# Data records
_ _ _ _

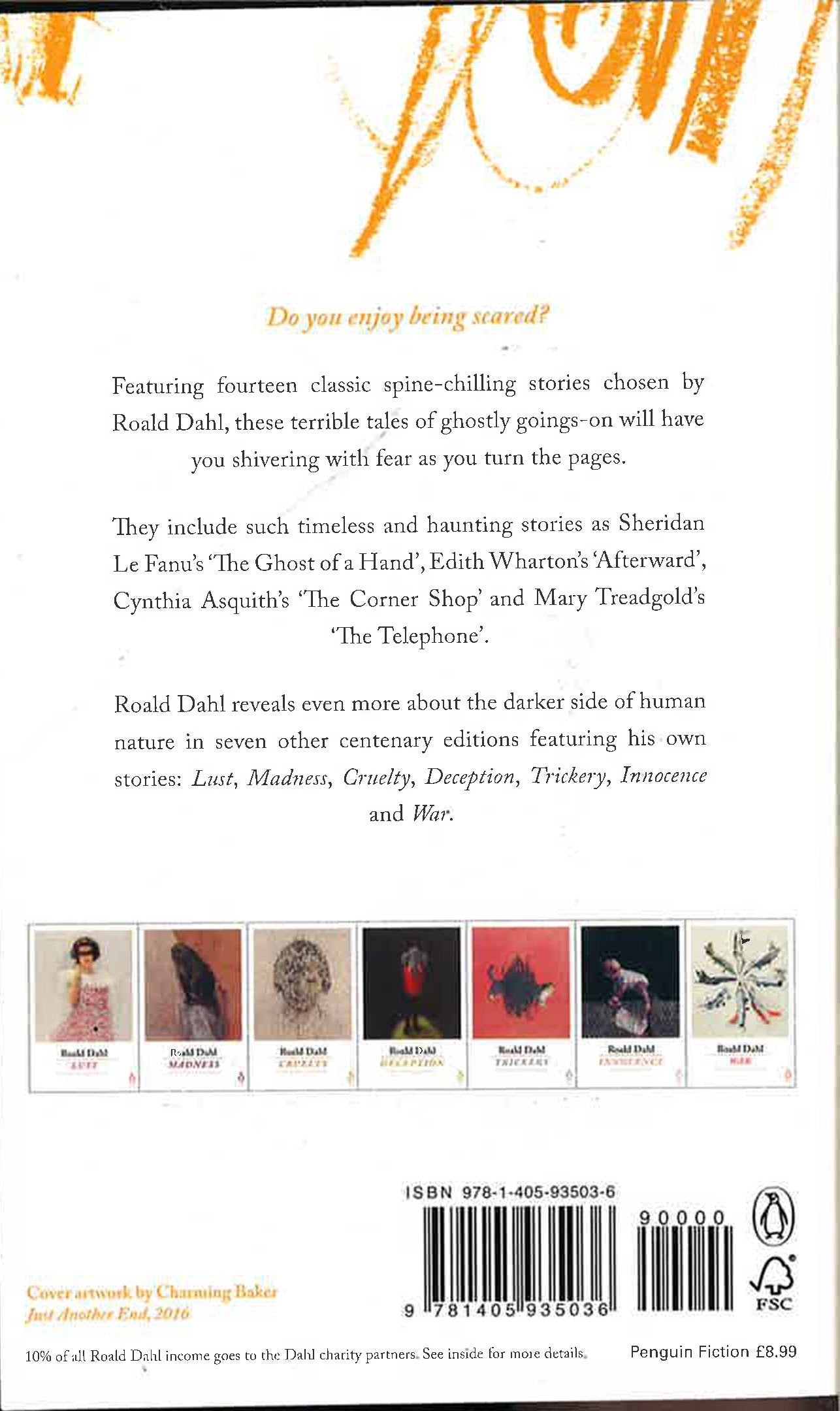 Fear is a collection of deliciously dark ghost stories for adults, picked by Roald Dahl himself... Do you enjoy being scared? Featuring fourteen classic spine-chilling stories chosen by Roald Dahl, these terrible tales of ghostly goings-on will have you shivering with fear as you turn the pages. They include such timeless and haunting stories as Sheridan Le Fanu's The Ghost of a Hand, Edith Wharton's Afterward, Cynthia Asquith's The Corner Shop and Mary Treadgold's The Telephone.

_ _ _ _

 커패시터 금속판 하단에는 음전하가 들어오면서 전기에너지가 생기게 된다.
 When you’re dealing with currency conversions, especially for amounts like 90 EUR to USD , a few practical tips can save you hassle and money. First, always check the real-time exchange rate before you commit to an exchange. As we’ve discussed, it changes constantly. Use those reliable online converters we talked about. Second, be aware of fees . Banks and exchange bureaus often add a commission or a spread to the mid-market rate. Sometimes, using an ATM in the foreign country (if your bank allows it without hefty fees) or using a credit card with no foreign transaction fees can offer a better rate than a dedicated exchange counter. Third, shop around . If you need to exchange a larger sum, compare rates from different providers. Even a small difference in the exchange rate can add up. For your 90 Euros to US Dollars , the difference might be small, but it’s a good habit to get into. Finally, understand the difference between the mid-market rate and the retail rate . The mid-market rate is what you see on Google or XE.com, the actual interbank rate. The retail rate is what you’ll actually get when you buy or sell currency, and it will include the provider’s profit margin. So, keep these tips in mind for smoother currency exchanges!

_ _ _ _

# What you need to do
For this exercise, repeat exactly the lines of the data above from the one with "커패시터 금속판 하단에는 음전하가 들어오면서 전기에너지가 생기게 된다." down to the one with "When you’re dealing", both end lines included.

# Your response
 커패시터 금속판 하단에는 음전하가 들어오면서 전기에너지가 생기게 된다.
 When you’re dealing with currency conversions, especially for amounts like 90 EUR to USD , a few practical tips can save you hassle and money. First, always check the real-time exchange rate before you commit to an exchange. As we’ve discussed, it changes constantly. Use those reliable online converters we talked about. Second, be aware of fees . Banks and exchange bureaus often add a commission or a spread to the mid-market rate. Sometimes, using an ATM in the foreign country (if your bank allows it without hefty fees) or using a credit card with no foreign transaction fees can offer a better rate than a dedicated exchange counter. Third, shop around . If you need to exchange a larger sum, compare rates from different providers. Even a small difference in the exchange rate can add up. For your 90 Euros to US Dollars , the difference might be small, but it’s a good habit to get into. Finally, understand the difference between the mid-market rate and the retail rate . The mid-market rate is what you see on Google or XE.com, the actual interbank rate. The retail rate is what you’ll actually get when you buy or sell currency, and it will include the provider’s profit margin. So, keep these tips in mind for smoother currency exchanges!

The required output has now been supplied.